Document(metadata={'doc_id': '44c0cde1-30cd-46d9-8963-95db51b7917d'}, page_content="This document provides a comprehensive overview of LLM-powered autonomous agents, which leverage large language models as their core controllers for general problem-solving.\n\nThe architecture of these agents is built around three key components:\n1.  **Planning:** Agents break down complex tasks into manageable subgoals (e.g., Chain of Thought, Tree of Thoughts) and employ self-reflection mechanisms (e.g., ReAct, Reflexion, Chain of Hindsight, Algorithm Distillation) to learn from past actions, correct mistakes, and refine future plans.\n2.  **Memory:** This includes short-term memory (in-context learning within the LLM's finite context window) and long-term memory (external vector stores for infinite information retention and fast retrieval, often using Maximum Inner Product Search (MIPS) algorithms like HNSW or FAISS).\n3.  **Tool Use:** Agents are equipped to call external APIs and modules (e.g., M

In [None]:
retrieved_docs = retriever.get_relevant_documents(query,n_results=1)
retrieved_docs[0].page_content[0:500]

## 4.2 RAPTOR

- Full form → Recursive Abstractive Processing for Tree-Organized Retrieval.
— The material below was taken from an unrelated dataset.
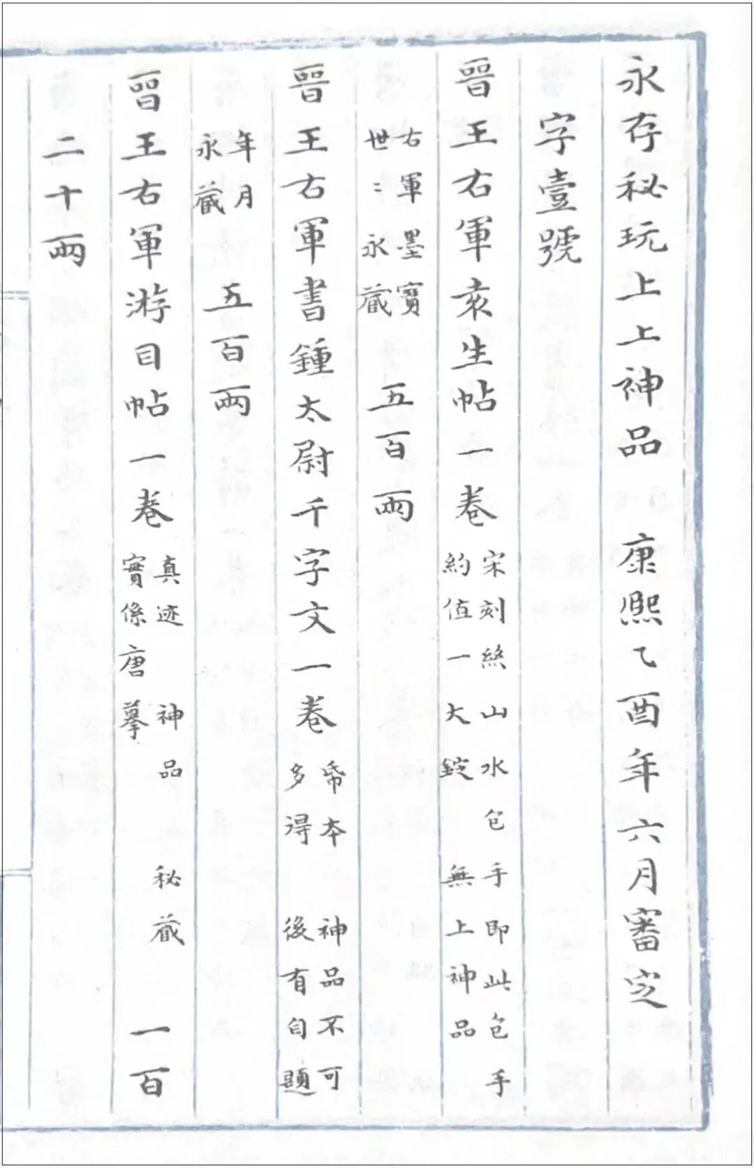 這本秘賬一經刊佈便引起軒然大波——其中,“類目”內分為“進字壹號”“進字貳號”“送字號”“無跋收藏手卷”“永存秘玩上上神品”等九類;“註釋”則寫明瞭藏品的真偽與品相。而“進字號”記錄的作品中,不少被註釋為“贗”,用於進貢給大清皇宮……
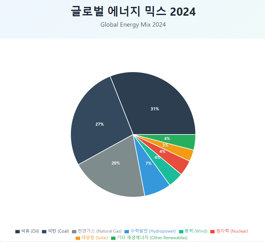 세계의 에너지 믹스를 보면 여전히 석유, 석탄, 천연가스가 큰 비중을 차지한다. 하지만 세계 전력생산에서 재생에너지 비중은 약 30%를 차지하며 꾸준한 성장을 하였다. 성장을 이끈 주역은 태양광과 풍력이다. 전력 ‘믹스’ 관점에서 풍력은 약 4% 안팎으로 아직 미비 하지만, 전 세계 누적 풍력 설비는 1TW(테라와트)를 돌파했고, 그중 해상풍력 누적은 약 83GW로 총 풍력의 약 7%를 차지 하고 있다. 아직 비중은 작지만 해상은 증가 속도가 빠르다.

- Purpose → Makes retrieval more effective on long or complex documents by creating a hierarchical index.

- How it works:

    - Chunking — break large documents into small passages.
    - Recursive summarization — group passages into clusters and generate summaries at multiple levels (passage → section → document).
    - Tree structure — these summaries form a hierarchical tree, where higher nodes represent broader concepts.
    - Retrieval — when a query comes in, search can happen at different levels of the tree:
        - Directly retrieve relevant chunks
        - Or retrieve summaries that lead to deeper chunks

## 4.3 ColBERT
- How it works:

    - Token-level embeddings — instead of compressing a whole document into a single vector, ColBERT keeps embeddings for each token (or subword).

    - Late interaction — at query time, it computes similarity between query tokens and document tokens using MaxSim (max similarity across token pairs).

    - Efficiency trick — stores all token embeddings compressed, so retrieval is still fast and scalable.